Sean spent most of the day at the glovers recommended by the Savoy, who rea.s.sured him that the Prince of Wales and his great friend, George Bryan Brummell, would have their gloves made nowhere else.

He displayed his left hand and explained that when he put a glove upon it, he wanted it to look completely normal.

Two craftsmen were called in from the workroom and presented with the problem. They made sketches of his hand in every conceivable position. They measured it precisely from every angle. They compared it with his other hand and then they brainstormed ideas, encouraging the earl to make his own suggestions.

Finally, they made a trial pair that fit perfectly. Inside the thumb of the left glove a thumb carved from wood was glued into place. It came halfway down, and when O'Toole inserted his hand and stretched the leather taut, it was impossible to detect that the top portion of his thumb had been amputated. Sean O'Toole was so pleased with the glovers' product that he ordered two dozen pairs. Two pairs were to be made from gray kidskin, the rest from supple black leather.

He spent the rest of the day shopping. He bought Hobey boots, riding boots, breeches, and hacking jackets. He ordered shirts of silk and linen, vests and waistcoats, cravats, muslin neckcloths and top hats, and a many-caped greatcoat. He even took a fancy to a Malacca cane with an ebony top.

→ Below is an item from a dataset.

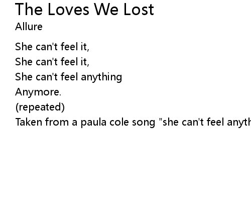 | Taken from a paula cole song "she can't feel anything anymore |
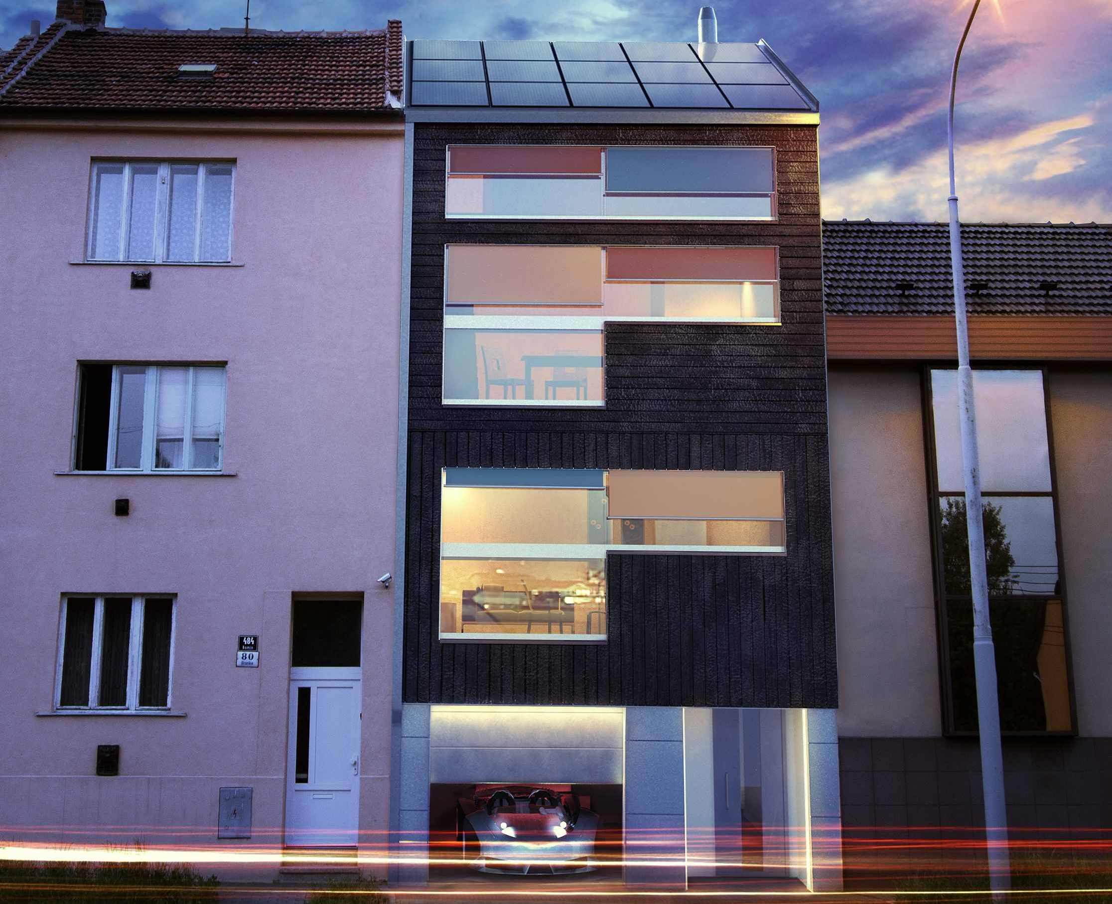 Dovedete si představit rodinný dům postavený do proluky pouhých 5,5 m se dvěma samostatnými byty pro 2 a 4 osoby? S tímto nesnadným úkolem se museli vypořádat projektanti ze společnosti Vize Ateliér, s.r.o. a zvládli to na výbornou! U rodinného domu se podařilo dosáhnout standardu energeticky plusového domu. Je to tedy první dům splňující tento standard dle nejnovější ČSN 73 0540!

He ordered all delivered in the name of Kildare to the Savoy Hotel.

As he strolled down Bond Street on his way back to the Savoy, he stopped to admire the pieces displayed in a jeweler's window. His eye was held by a silver dolphin brooch and he entered the shop to take a closer look. When the jeweler placed it in his gloved hand, Sean saw that it was made of sterling silver and that the eye of the dolphin was an emerald. It was the perfect gift for a woman named Emerald. He had the jeweler wrap it for him, then asked if he could have an extra box about the same size as the one that held the brooch.

When he surveyed his purchases at the end of the day, he saw that everything he had selected was either black or white. His mouth quirked with self-derision as he realized he could no longer bear aught but immaculate, snow white linen next to his person. The black he had chosen for authority. From this day forward he would be in charge of himself and in charge of anyone who came into his venue.

That night, Sean FitzGerald O'Toole took the severed thumb from the top of the wardrobe where he had concealed it, and placed it in the empty box from the jeweler's. He scrubbed his hands, then wrote out two small cards imprinted with the Savoy emblem. On one he wrote Bride, on the other, Groom; then he signed both: Earl of Kildare.

When Emma Montague awoke on her wedding day she experienced many emotions, but the predominant one was resignation. She had no objection to the fact that Jack and her father had agreed that the groom would change his name to Montague. She knew he had coveted the family name since he was a boy. It was his way of wiping out his illegitimacy.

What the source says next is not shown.